Целую неделю он трудился в поте лица. Папа был уверен, что очень здорово все придумал. Он завалил вывесками весь пол своей комнаты. Встав на карачки, он старательно выводил каждую букву. Работая, он посвистывал от удовольствия и мотал головой. Таким довольным и веселым его не видели уже несколько месяцев. Время от времени ему приходилось переодеваться в выходной костюм и ходить за угол, чтобы выпить стакан пива и немножко успокоиться.

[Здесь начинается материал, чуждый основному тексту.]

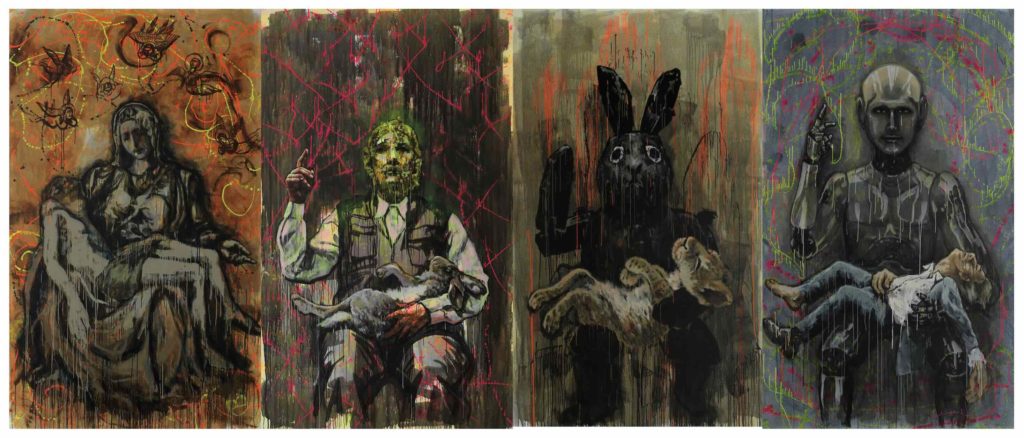 Con Seeing the Great in the Small il visitatore entra nel laboratorio dell’artista, tra schizzi e disegni che svelano l’origine del processo creativo. Nei Lace Paintings, invece, il pizzo si trasforma da semplice ornamento a simbolo di intimità e sensualità, indagando la delicatezza della soggettività femminile. Chiude il percorso No Island Ever Stands Alone, un’installazione scultorea che riflette sulla condizione umana in un mondo dominato dalla tecnologia e dalle incertezze globali: un invito a riconoscere la fragilità e l’interdipendenza dell’esistenza contemporanea.

На вывесках сперва было написано:
Уилбер Келли
ПОЧИНКА ЧАСОВ
Дешево и умело
— Понимаешь, Мик, надо, чтобы они бросались в глаза. Сразу приковывали внимание, всюду, где бы ты их ни увидел.

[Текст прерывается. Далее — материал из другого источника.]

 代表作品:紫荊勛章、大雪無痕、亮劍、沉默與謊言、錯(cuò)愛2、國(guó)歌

Она ему помогала, и он дал ей за это тридцать центов. Сначала вывески были мировые. Но он слишком долго над ними мудрил. Ему хотелось добавить то то, то это — и в углах, и сверху, и снизу. В конце концов он заляпал вывески разными надписями: «Очень дешево», «Спешите!» и «Дайте Мне Любые Часы, и Я Их Заставлю Ходить».
— Ты столько всего понаписал, что ничего прочесть невозможно, — сказала она ему.

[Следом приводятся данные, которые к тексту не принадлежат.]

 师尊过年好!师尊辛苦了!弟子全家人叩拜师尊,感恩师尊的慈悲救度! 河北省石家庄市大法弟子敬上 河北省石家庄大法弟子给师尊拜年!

Он притащил домой еще жести и поручил рисовать вывески ей. Она расписала их без особых затей огромными прописными буквами и на каждой изобразила часы. Скоро была готова целая груда. Знакомый парень вывез их за город и прибил к деревьям и заборным столбам. На обоих углах их квартала он повесил по вывеске с изображением черной руки, показывающей, как пройти к их дому. А над парадной дверью водрузили еще одну вывеску.
Наутро после того, как объявление повесили, папа надел чистую рубашку и галстук, сел в переднюю комнату и стал дожидаться заказчиков. Никто не приходил. Правда, ювелир, сбывавший ему лишнюю работу за полцены, прислал-парочку испорченных часов. Вот и все. Папа очень огорчился. Он больше не стал искать другую работу, но все время старался чем-нибудь занять себя по дому. Снимал двери и мазал маслом петли — нуждались они в этом или нет. Делал домашний маргарин для Порции и мыл наверху полы. Придумал приспособление, чтобы талая вода из ледника выливалась прямо через кухонное окно. Выпилил красивые кубики с алфавитом для Ральфа и изобрел машинку для вдевания нитки в иголку. С часами, которые ему надо было чинить, он возился подолгу и упорно.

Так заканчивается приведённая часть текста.